Lo stesso meccanismo distorto è la linfa dell’Intelligenza artificiale, la quale si sta imponendo esattamente replicando la pirateria delle Big Tech quando cominciarono a lavorare sui nostri dati senza avere il permesso di farlo.
Sì può fare qualcosa? Si deve, ma la classe dirigente è troppo impegnata a difendere se stessa. Alcuni mesi fa, Marina Berlusconi, nel ruolo di presidente di Mondadori, aveva lanciato un monito scrivendo una lettera al Corriere e pubblicando contemporaneamente tre titoli per i tipi della Silvio Berlusconi Editore, tre «pezzi» per capire le potenzialità e le minacce della nuova frontiera digitale: Careless People, Gente che se ne frega» (libro boicottato da Zuckerberg) di Sarah Wynn-Williams; La Repubblica tecnologica, di Alex Karp, ceo di Palantir, socio di Peter Thiel (quello delle lezioni sull’anticristo), e La Società Tecnologica», un libro del filosofo e teologo Jacques Ellul.

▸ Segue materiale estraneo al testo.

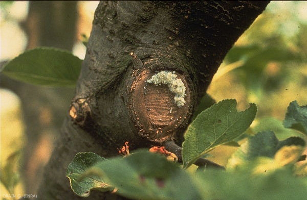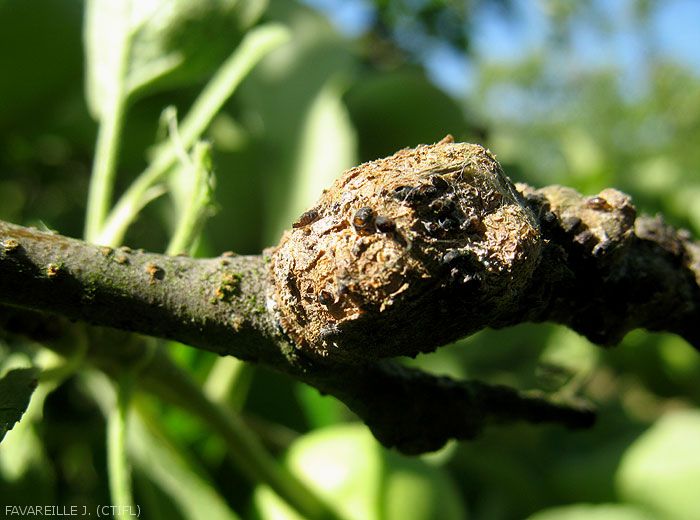 Sur les rameaux et les branches (figure 1), les piqûres des pucerons provoquent la formation de boursouflures puis de galles (figures 2 à 4) et enfin de chancres qui peuvent permettre l’attaque de pathogènes secondaires, notamment des champignons.

Vi riporto alcune riflessioni di Marina Berlusconi in quella lettera di presentazione. «Oggi le prime cinque Big Tech assieme - Nvidia, Microsoft, Apple, Alphabet, Amazon - sono arrivate a superare il Pil dell’area euro. Ma attenzione: ridurre tutto ai valori economici non basta, il potere dei giganti della tecnologia va ben oltre. È un potere che rifiuta le regole, cioè la base di qualsiasi società davvero funzionante. Noi editori tradizionali paghiamo le tasse, rispettiamo le leggi, tuteliamo il diritto d’autore e i posti di lavoro - basti pensare che in Italia le piattaforme occupano appena un trentesimo dei lavoratori del settore. Eppure, quasi due terzi del mercato pubblicitario globale vengono inghiottiti dai colossi della Silicon Valley, che fanno esattamente il contrario: per dirla con il titolo del saggio firmato dalla ex-Meta Sarah Wynn-Williams, sono Careless People, “gente che se ne frega”. È concorrenza sleale bella e buona».

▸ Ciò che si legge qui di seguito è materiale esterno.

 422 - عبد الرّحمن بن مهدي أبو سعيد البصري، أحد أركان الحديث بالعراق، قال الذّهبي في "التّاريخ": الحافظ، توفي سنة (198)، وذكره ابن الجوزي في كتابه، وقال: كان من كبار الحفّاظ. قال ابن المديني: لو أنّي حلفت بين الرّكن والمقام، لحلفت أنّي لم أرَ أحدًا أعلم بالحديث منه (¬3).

E ancora: «I giganti del Tech mettono sul piatto generosi finanziamenti e i dati di miliardi di persone […] Questi colossi non sono più solo aziende private, sono attori politici». Ha ragione!
Si può fare qualcosa, per contrastare questo mondo messo in piedi da predoni e pirati, di cui noi siamo vittime più o meno consapevoli? Sì. E lo dico al governo di centrodestra, al governo «sovranista»: mettete un tetto alla raccolta pubblicitaria di questi Ott, oppure obbligateli a destinare delle quote all’editoria che stanno uccidendo. Lo dice Marina Berlusconi, lo dice la Confindustria del settore col presidente Antonio Marano, lo dicono i grandi, i medi e i piccoli editori. Proprio discutendo di Careless People, Gente che se frega con il deputato di Forza Italia, Francesco Battistoni, riflettevamo che tutti siamo coinvolti, dalla politica alle università, dal giornalismo ai centri studi e persino alla Chiesa: è un tema di libertà, di sicurezza, di resistenza rispetto a questi nuovi Padroni. Che si credono dio.